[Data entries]
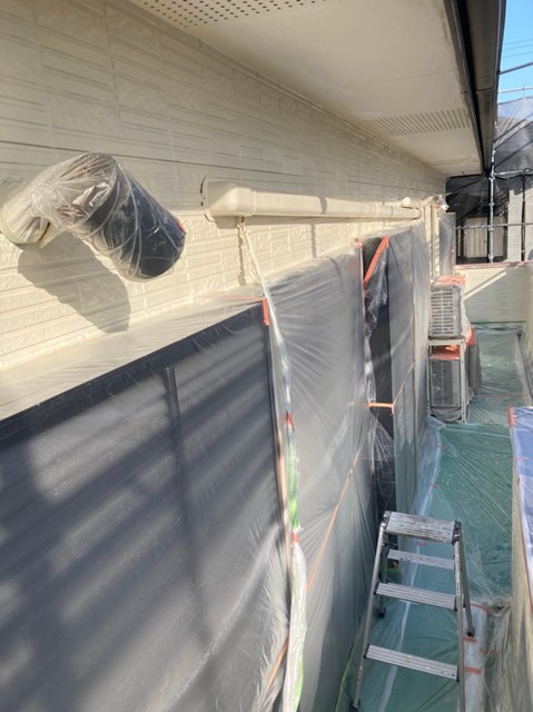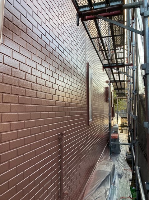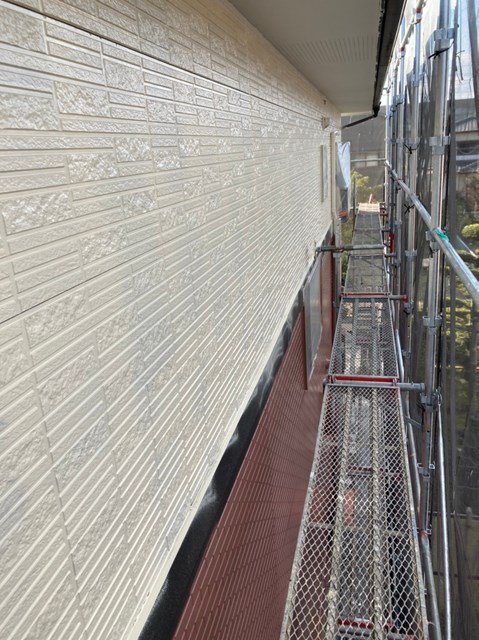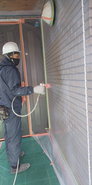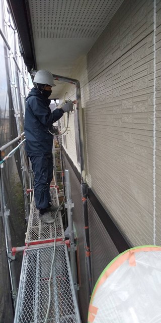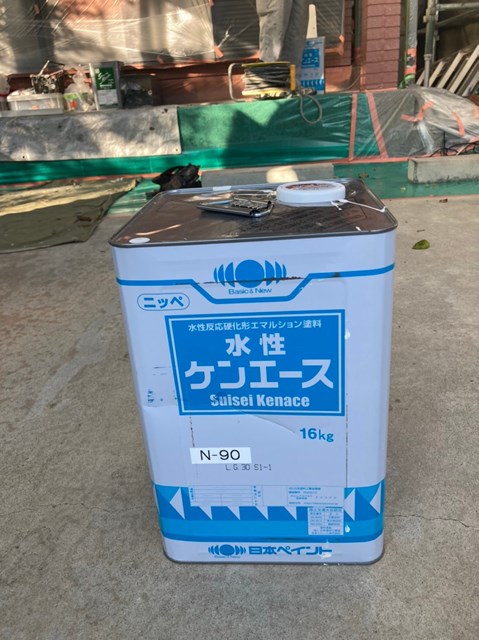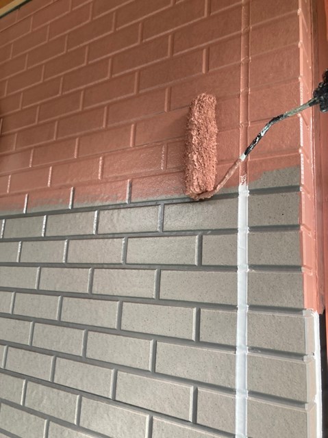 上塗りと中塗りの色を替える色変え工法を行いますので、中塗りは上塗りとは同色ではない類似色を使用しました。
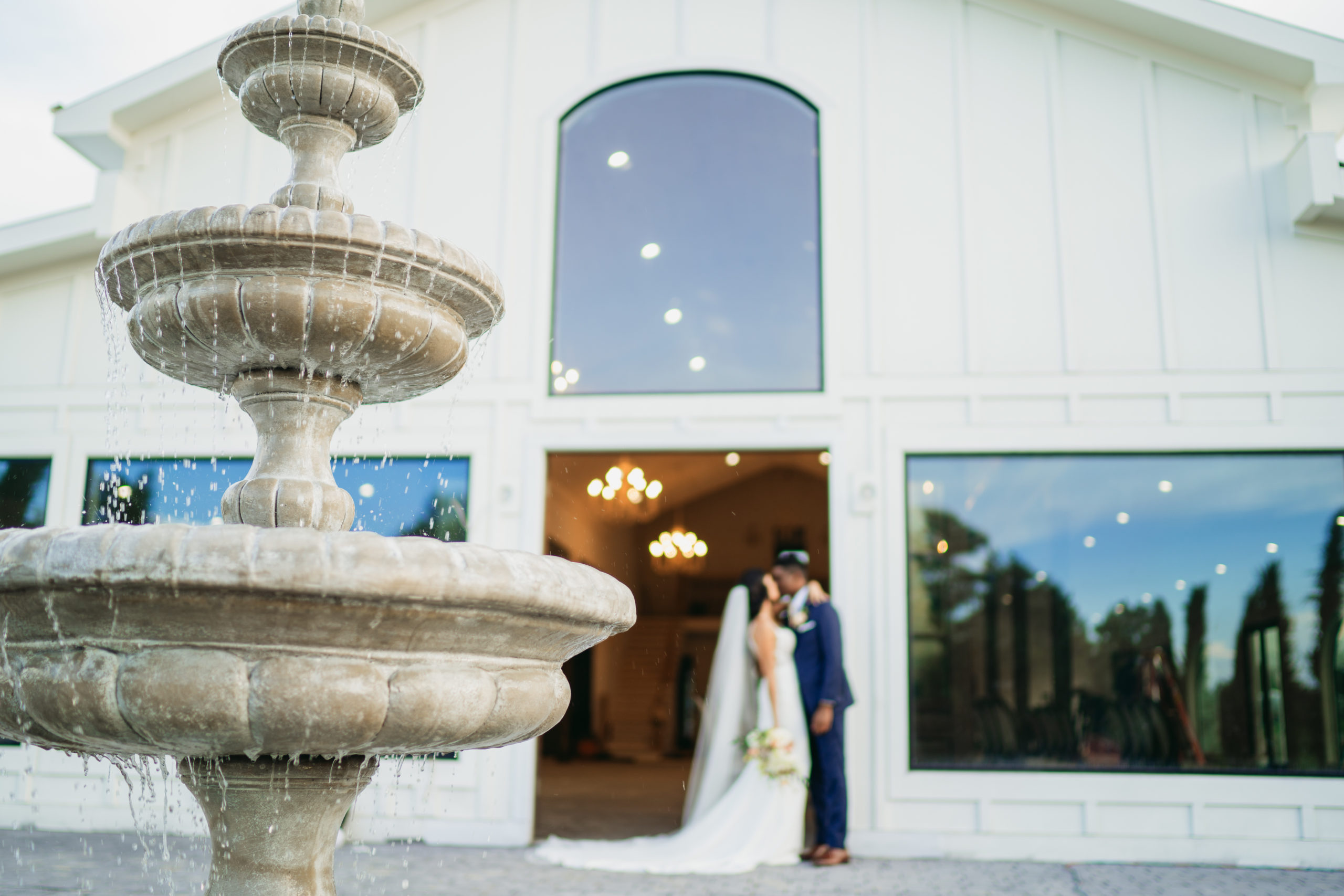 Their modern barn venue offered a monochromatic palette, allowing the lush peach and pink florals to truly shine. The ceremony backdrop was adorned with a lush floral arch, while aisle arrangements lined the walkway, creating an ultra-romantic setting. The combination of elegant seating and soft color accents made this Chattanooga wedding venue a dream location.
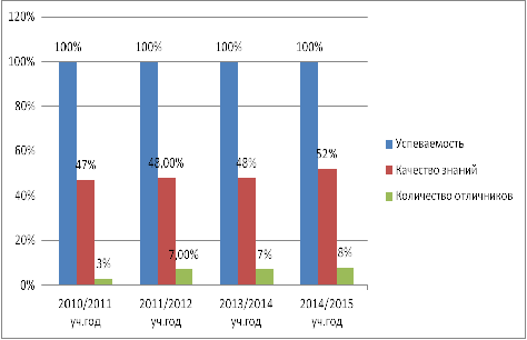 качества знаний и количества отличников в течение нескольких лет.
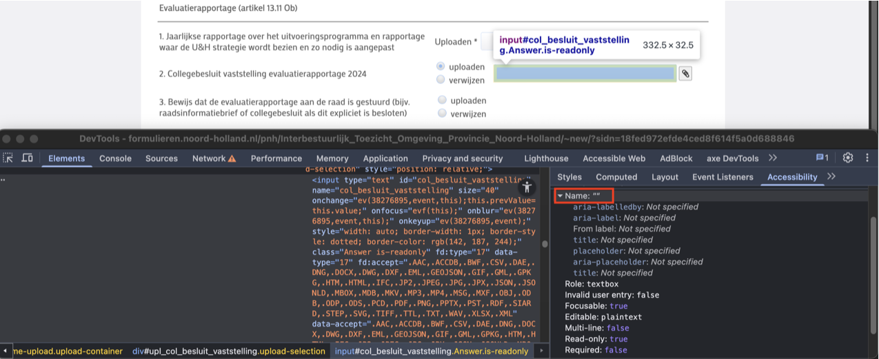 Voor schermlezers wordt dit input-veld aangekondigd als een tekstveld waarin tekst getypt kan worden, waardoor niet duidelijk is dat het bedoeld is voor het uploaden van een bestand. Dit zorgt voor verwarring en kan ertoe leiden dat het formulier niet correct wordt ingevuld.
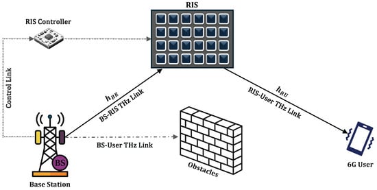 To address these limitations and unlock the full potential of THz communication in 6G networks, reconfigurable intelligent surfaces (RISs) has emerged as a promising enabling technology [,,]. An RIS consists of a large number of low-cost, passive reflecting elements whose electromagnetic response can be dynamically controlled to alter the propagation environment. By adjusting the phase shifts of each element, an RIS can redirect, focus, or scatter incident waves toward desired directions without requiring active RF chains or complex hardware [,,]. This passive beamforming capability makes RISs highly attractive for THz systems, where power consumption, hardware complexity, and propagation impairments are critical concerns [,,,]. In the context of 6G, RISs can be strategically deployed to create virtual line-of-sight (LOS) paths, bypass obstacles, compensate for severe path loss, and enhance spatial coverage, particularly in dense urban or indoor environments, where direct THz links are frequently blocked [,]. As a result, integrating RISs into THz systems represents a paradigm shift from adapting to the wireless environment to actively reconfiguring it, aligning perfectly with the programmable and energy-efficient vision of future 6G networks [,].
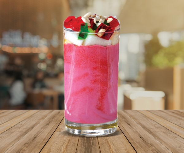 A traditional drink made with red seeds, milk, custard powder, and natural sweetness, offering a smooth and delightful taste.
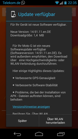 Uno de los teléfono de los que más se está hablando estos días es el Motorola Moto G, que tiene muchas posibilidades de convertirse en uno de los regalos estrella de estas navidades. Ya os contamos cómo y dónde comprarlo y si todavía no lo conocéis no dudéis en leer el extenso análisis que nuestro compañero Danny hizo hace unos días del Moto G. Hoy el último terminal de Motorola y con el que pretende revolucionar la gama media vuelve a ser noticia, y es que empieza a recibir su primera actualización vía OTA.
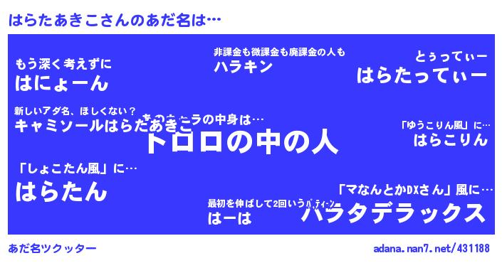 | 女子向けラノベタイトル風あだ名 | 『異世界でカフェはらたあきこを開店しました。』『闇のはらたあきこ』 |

▶ _WHAT THE TASK ASKS_
Extract only the lines from the one that contains "Uno de los teléfono" through the end of the records, inclusive, and omit every picture.

▶ _OUTPUT OF THE EXERCISE_
 Uno de los teléfono de los que más se está hablando estos días es el Motorola Moto G, que tiene muchas posibilidades de convertirse en uno de los regalos estrella de estas navidades. Ya os contamos cómo y dónde comprarlo y si todavía no lo conocéis no dudéis en leer el extenso análisis que nuestro compañero Danny hizo hace unos días del Moto G. Hoy el último terminal de Motorola y con el que pretende revolucionar la gama media vuelve a ser noticia, y es que empieza a recibir su primera actualización vía OTA.
 | 女子向けラノベタイトル風あだ名 | 『異世界でカフェはらたあきこを開店しました。』『闇のはらたあきこ』 |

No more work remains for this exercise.